Exercise objective -> For this exercise, output the entries below exactly from the line that holds "Características de Mochila" to the line that holds "Vitrína OSINSAU KM-1", both ends included. No pictures belong in the copy.

Stored data ->
[Start of Attachment]
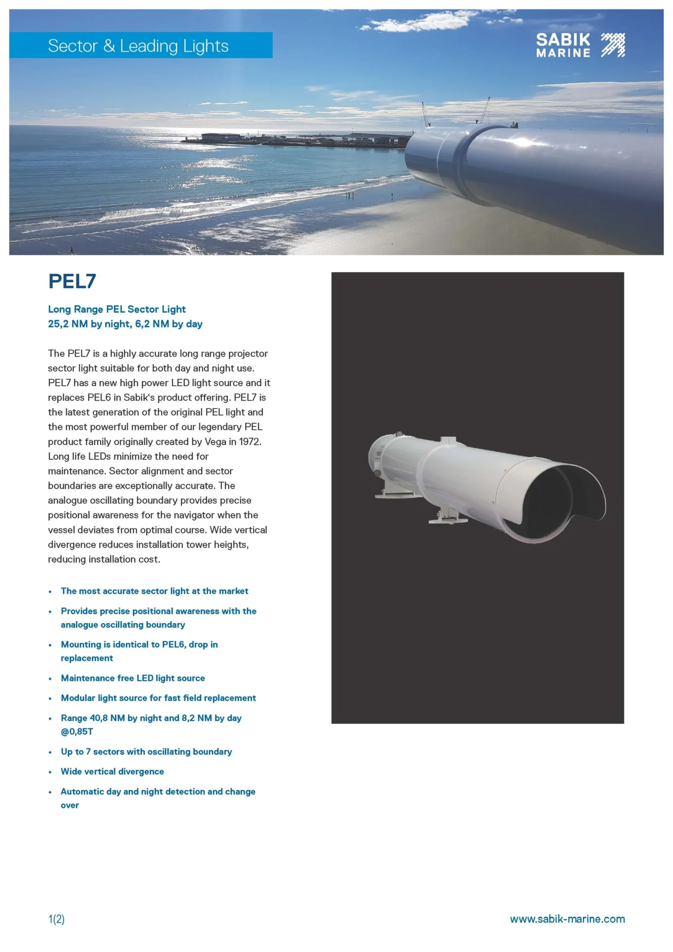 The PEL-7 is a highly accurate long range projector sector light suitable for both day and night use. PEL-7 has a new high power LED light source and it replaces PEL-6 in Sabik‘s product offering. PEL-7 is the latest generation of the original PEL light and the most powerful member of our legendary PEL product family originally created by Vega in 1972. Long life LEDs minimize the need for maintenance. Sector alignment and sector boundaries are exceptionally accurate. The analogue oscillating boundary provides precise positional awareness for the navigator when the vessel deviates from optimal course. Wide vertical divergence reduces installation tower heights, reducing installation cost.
[End of Attachment]
[Start of Attachment]
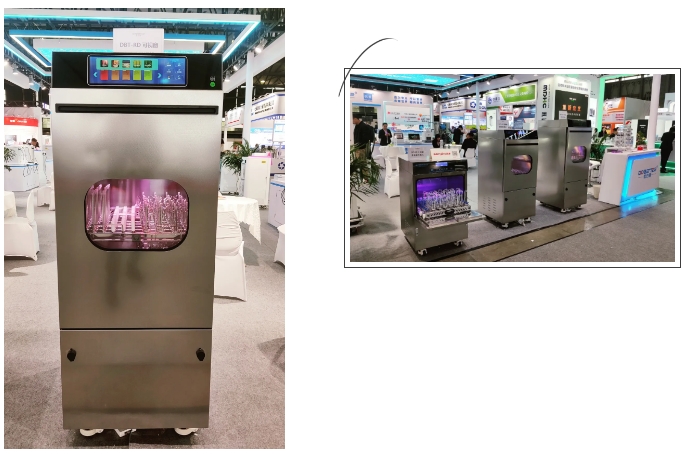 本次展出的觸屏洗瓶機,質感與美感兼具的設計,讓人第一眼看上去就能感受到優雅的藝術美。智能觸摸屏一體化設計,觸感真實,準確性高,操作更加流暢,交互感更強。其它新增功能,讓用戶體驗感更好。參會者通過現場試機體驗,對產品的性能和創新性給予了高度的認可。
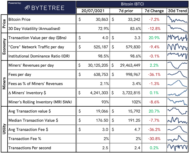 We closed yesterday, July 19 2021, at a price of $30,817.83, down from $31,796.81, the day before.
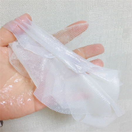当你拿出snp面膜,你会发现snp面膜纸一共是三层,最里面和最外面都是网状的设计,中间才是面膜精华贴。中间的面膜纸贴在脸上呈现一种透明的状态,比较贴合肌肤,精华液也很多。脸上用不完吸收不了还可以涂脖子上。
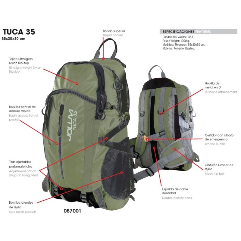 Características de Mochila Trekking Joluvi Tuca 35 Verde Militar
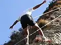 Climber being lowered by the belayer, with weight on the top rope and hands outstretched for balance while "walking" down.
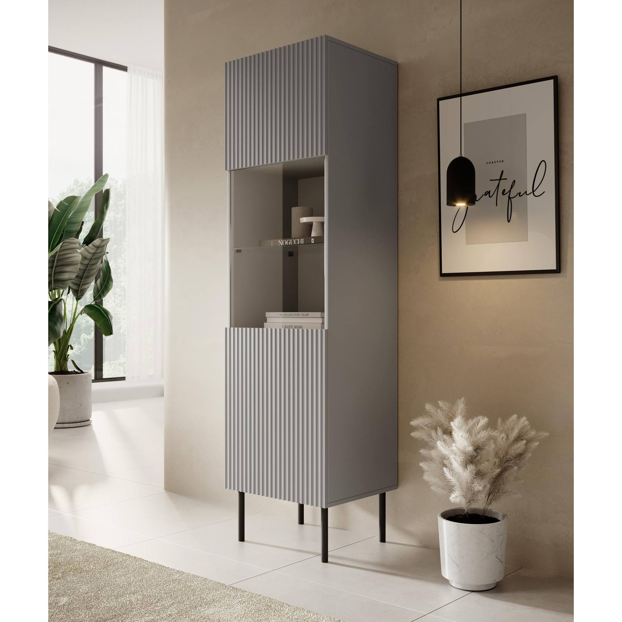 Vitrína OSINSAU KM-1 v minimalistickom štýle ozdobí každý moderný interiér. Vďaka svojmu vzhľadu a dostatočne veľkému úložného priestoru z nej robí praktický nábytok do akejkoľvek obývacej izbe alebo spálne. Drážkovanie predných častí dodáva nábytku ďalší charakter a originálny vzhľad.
[End of Attachment]
[Start of Attachment]
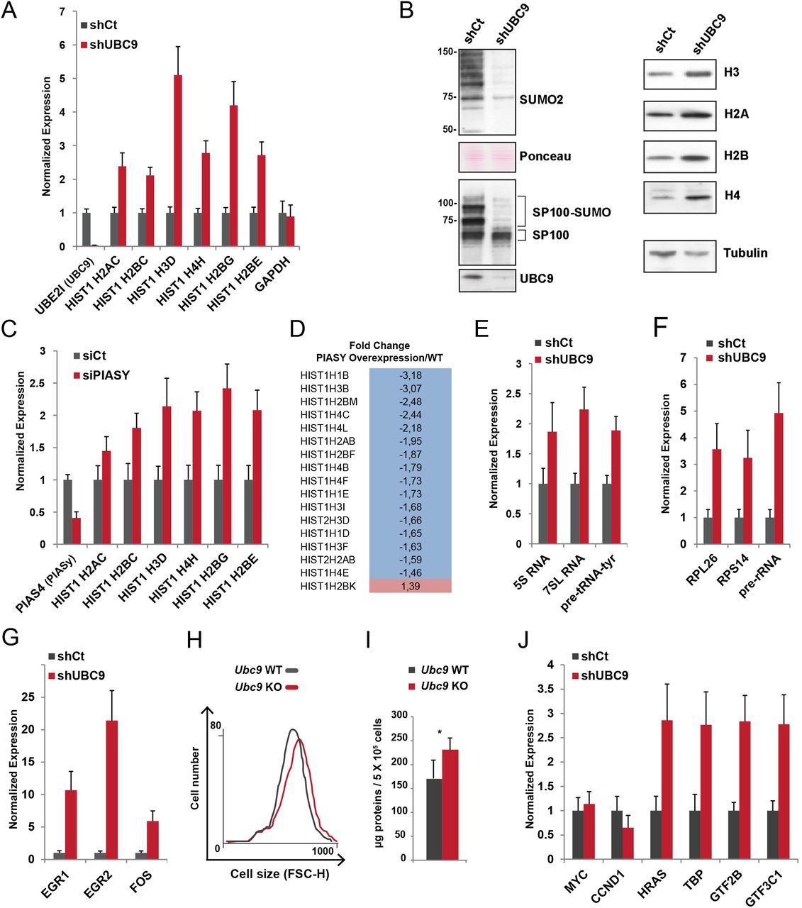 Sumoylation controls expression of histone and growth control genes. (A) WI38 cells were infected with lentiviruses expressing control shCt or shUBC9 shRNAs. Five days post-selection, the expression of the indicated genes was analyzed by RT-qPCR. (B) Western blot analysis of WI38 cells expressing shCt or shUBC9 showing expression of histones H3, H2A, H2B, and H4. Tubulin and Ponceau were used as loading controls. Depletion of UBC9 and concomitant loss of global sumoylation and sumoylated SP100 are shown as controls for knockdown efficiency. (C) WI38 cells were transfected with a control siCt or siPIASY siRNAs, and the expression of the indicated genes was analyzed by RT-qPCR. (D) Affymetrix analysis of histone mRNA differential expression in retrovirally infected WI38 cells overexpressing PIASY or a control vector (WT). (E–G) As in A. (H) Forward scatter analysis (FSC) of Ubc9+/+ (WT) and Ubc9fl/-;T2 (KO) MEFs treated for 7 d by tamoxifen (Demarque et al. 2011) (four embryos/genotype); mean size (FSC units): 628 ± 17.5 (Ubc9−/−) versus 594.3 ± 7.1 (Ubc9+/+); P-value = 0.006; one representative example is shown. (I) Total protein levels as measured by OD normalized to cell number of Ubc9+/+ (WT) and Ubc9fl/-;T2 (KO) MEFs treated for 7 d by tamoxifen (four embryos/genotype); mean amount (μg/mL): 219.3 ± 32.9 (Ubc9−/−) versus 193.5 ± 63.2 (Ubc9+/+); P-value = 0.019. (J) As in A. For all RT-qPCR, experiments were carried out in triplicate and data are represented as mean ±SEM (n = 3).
[End of Attachment]
Your response ->
 Características de Mochila Trekking Joluvi Tuca 35 Verde Militar
 Climber being lowered by the belayer, with weight on the top rope and hands outstretched for balance while "walking" down.
 Vitrína OSINSAU KM-1 v minimalistickom štýle ozdobí každý moderný interiér. Vďaka svojmu vzhľadu a dostatočne veľkému úložného priestoru z nej robí praktický nábytok do akejkoľvek obývacej izbe alebo spálne. Drážkovanie predných častí dodáva nábytku ďalší charakter a originálny vzhľad.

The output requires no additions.